Each rule must be declared in the global variable LintRules in the same file:

internal/core/lint.go
var LintRules = map[string]LintRuleDefinition{
// ...
"my-custon-rule": {
Eval: MyCustomRule,
},
}

Media (internal/medias)

Medias are static files included in notes using the image syntax:

![](audio.wav)
![](picture.png)
![](video.mp4)

When processing these medias, The NoteWriter will create blobs inside the directory .nt/objects/. The OID is the SHA1 determined from the file content.

Images, videos, sounds are processed. The NoteWriter will optimize these medias like this:

  • Images are converted to AVIF in different sizes (“preview” = mobile and grid view, “large” = full-size view, “original” = original size).
  • Audios are converted to MP3.
  • Videos are converted to WebM and a preview image is generated from the first frame.
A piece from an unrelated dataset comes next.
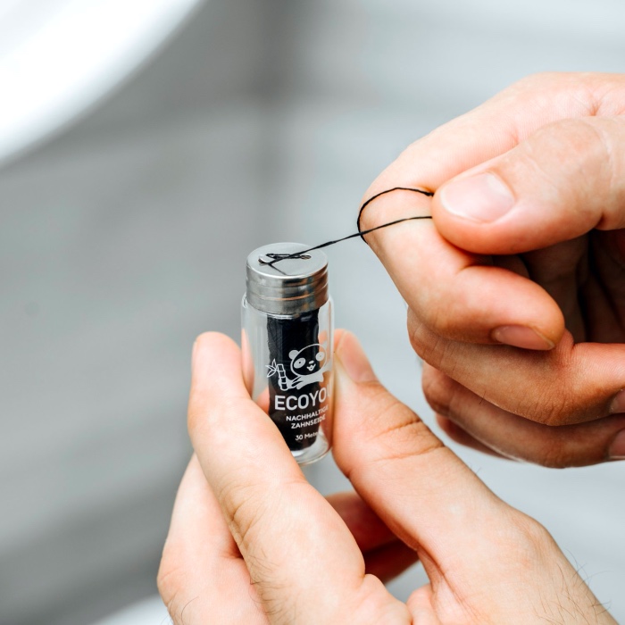 Die vegane Zahnseide von EcoYou pflegt deine Zähne sanft und gründlich.

The AVIF, MP3, and WebM formats are used for their great compression performance and their support (including on mobile devices).

By default, The NoteWriter uses the external command ffmpeg (internal/medias/ffmpeg) to convert and resize medias. All converters must satisfy this interface:

internal/medias/converters.go
type Converter interface {
ToAVIF(src, dest string, dimensions Dimensions) error
ToMP3(src, dest string) error
ToWebM(src, dest string) error
}

For example, we can draft a note including a large picture:

Terminal window
$ mkdir notes
$ cd notes
$ echo "# My Notes\n\n## Artwork: Whale\n\n![](medias/whale.jpg)" > notes.md
$ nt init
$ nt add .
$ nt commit
[9ef2100625aa4d5c913b8010516fb9a1cd6add98]
3 objects changes, 3 insertion(s)
create file "notes.md" [10a76fcada5a4336bb427b68f23d9690b5ebec33]
create note "Artwork: Whale" [fed3aa2ace7a4fcb889af7f149bda0d6c802cf43]
create media medias/whale.jpg [72f94476596d47568e617292ab93e02b64032159]
$ notes nt cat-file 72f94476596d47568e617292ab93e02b64032159
oid: 72f94476596d47568e617292ab93e02b64032159
relative_path: medias/whale.jpg
kind: picture
dangling: false
extension: .jpg
mtime: 2023-01-01T12:00
hash: 27198c1682772f01d006b19d4a15018463b7004a
size: 6296968
blobs:
- oid: 5ac8980e0206c51e113191f1cfa4aab3e40b671a
mime: image/avif
tags:
- preview
- lossy
- oid: 40100b2a68ecf7048566a901d6766be8f85ed186
mime: image/avif
tags:
- large
- lossy
- oid: 7b4bf88e47e7f782ae9b11e89414d4f66782eeea
mime: image/avif
tags:
- original
- lossy
created_at: 2023-01-01T12:00
updated_at: 2023-01-01T12:00

You can open the generated file. Ex (MacOS):

Terminal window
$ open -a Preview .nt/objects/5a/5ac8980e0206c51e113191f1cfa4aab3e40b671a

Testing

The NoteWriter works with files. Testing the application by mocking interactions with the file system would be cumbersome.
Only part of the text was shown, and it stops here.